## Directions for this task
Go through the following data and transcribe exactly the stretch of lines from the one holding "Beim Park Point" to the one holding "Gasland Fracking Documentary", both included.

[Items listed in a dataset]
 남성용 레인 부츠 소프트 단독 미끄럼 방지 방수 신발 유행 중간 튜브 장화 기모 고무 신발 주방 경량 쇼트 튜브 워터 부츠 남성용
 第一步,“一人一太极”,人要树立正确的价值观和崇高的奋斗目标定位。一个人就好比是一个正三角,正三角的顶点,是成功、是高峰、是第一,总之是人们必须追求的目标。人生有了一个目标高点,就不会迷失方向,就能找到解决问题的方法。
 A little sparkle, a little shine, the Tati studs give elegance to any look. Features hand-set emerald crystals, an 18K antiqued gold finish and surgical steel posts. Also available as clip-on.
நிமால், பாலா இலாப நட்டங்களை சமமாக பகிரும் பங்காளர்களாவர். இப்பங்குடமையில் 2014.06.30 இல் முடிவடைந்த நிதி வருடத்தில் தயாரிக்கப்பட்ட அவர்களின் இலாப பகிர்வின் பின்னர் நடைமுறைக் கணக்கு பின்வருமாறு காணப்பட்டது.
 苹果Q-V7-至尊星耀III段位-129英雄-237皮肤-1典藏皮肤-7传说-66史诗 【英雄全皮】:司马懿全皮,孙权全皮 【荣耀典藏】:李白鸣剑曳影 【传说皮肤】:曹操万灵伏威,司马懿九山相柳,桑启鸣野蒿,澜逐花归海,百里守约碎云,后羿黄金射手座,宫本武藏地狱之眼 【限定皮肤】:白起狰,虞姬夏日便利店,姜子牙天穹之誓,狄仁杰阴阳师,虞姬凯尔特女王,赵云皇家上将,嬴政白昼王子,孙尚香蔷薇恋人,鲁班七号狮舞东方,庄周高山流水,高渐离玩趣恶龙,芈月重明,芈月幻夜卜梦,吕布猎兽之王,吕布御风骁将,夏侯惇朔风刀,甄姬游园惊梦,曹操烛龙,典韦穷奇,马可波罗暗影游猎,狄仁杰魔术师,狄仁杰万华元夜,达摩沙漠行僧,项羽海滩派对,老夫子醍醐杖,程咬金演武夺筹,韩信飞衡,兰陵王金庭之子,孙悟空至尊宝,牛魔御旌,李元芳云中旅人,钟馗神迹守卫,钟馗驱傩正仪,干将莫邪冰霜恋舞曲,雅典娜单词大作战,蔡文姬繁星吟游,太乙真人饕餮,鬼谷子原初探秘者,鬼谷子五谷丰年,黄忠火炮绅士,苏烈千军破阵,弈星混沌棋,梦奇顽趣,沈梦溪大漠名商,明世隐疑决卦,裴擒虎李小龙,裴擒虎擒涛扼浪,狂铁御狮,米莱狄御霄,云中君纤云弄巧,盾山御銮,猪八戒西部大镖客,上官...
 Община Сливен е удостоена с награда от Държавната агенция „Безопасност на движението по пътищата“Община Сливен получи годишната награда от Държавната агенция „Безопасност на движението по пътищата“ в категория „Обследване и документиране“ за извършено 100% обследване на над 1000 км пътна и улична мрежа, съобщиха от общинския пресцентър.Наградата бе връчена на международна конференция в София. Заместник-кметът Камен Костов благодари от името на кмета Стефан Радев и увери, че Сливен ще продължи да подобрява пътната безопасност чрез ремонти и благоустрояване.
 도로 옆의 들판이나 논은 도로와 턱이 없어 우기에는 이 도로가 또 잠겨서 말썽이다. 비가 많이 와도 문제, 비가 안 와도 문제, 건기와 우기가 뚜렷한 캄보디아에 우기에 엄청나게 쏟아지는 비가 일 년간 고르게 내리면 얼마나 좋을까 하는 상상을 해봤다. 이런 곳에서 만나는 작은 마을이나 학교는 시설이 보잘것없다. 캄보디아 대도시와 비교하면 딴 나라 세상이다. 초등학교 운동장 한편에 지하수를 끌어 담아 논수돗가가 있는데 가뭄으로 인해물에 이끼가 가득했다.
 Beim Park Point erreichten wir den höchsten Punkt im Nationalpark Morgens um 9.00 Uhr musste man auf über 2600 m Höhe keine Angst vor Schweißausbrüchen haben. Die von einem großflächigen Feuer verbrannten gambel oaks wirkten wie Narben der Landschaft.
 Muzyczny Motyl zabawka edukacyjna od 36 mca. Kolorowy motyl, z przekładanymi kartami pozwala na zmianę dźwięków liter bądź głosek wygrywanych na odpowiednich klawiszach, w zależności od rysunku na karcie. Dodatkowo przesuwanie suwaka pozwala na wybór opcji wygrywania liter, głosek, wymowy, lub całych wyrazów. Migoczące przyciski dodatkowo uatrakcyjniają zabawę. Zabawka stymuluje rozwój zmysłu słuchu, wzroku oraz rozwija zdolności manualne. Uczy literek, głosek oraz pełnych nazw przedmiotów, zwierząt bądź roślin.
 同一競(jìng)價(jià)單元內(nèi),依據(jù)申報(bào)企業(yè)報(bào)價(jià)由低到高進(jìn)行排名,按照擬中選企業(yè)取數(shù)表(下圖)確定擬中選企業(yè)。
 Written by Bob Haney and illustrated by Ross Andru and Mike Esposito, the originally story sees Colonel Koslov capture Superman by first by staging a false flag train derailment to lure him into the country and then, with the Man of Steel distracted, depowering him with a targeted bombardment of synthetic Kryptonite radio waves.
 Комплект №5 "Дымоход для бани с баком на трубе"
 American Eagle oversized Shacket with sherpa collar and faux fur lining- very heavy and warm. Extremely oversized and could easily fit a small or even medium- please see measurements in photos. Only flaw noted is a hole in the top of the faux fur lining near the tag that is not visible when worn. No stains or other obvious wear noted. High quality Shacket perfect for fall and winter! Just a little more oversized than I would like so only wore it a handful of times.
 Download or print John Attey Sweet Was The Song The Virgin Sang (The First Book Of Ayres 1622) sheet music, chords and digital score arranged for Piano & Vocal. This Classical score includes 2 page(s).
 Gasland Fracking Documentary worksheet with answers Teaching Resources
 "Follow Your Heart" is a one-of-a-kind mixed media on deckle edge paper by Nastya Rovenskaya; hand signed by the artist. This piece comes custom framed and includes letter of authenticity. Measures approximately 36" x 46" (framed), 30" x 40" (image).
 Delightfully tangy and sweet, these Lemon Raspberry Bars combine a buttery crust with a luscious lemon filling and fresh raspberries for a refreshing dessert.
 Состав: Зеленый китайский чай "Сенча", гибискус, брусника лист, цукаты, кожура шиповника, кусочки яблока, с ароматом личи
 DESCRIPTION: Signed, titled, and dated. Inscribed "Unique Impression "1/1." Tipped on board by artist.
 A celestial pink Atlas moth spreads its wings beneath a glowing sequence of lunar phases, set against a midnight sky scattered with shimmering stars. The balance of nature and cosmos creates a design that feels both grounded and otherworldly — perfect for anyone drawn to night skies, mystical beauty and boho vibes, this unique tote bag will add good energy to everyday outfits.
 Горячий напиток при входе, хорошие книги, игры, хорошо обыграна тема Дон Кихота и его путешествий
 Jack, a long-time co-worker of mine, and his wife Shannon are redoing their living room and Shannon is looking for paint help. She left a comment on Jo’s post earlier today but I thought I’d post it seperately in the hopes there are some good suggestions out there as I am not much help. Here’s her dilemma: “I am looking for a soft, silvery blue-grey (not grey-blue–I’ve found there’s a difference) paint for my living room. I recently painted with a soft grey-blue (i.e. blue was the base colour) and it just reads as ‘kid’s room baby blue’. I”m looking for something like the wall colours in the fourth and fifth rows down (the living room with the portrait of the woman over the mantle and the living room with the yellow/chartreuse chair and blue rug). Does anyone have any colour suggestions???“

## Task response
 Beim Park Point erreichten wir den höchsten Punkt im Nationalpark Morgens um 9.00 Uhr musste man auf über 2600 m Höhe keine Angst vor Schweißausbrüchen haben. Die von einem großflächigen Feuer verbrannten gambel oaks wirkten wie Narben der Landschaft.
 Muzyczny Motyl zabawka edukacyjna od 36 mca. Kolorowy motyl, z przekładanymi kartami pozwala na zmianę dźwięków liter bądź głosek wygrywanych na odpowiednich klawiszach, w zależności od rysunku na karcie. Dodatkowo przesuwanie suwaka pozwala na wybór opcji wygrywania liter, głosek, wymowy, lub całych wyrazów. Migoczące przyciski dodatkowo uatrakcyjniają zabawę. Zabawka stymuluje rozwój zmysłu słuchu, wzroku oraz rozwija zdolności manualne. Uczy literek, głosek oraz pełnych nazw przedmiotów, zwierząt bądź roślin.
 同一競(jìng)價(jià)單元內(nèi),依據(jù)申報(bào)企業(yè)報(bào)價(jià)由低到高進(jìn)行排名,按照擬中選企業(yè)取數(shù)表(下圖)確定擬中選企業(yè)。
 Written by Bob Haney and illustrated by Ross Andru and Mike Esposito, the originally story sees Colonel Koslov capture Superman by first by staging a false flag train derailment to lure him into the country and then, with the Man of Steel distracted, depowering him with a targeted bombardment of synthetic Kryptonite radio waves.
 Комплект №5 "Дымоход для бани с баком на трубе"
 American Eagle oversized Shacket with sherpa collar and faux fur lining- very heavy and warm. Extremely oversized and could easily fit a small or even medium- please see measurements in photos. Only flaw noted is a hole in the top of the faux fur lining near the tag that is not visible when worn. No stains or other obvious wear noted. High quality Shacket perfect for fall and winter! Just a little more oversized than I would like so only wore it a handful of times.
 Download or print John Attey Sweet Was The Song The Virgin Sang (The First Book Of Ayres 1622) sheet music, chords and digital score arranged for Piano & Vocal. This Classical score includes 2 page(s).
 Gasland Fracking Documentary worksheet with answers Teaching Resources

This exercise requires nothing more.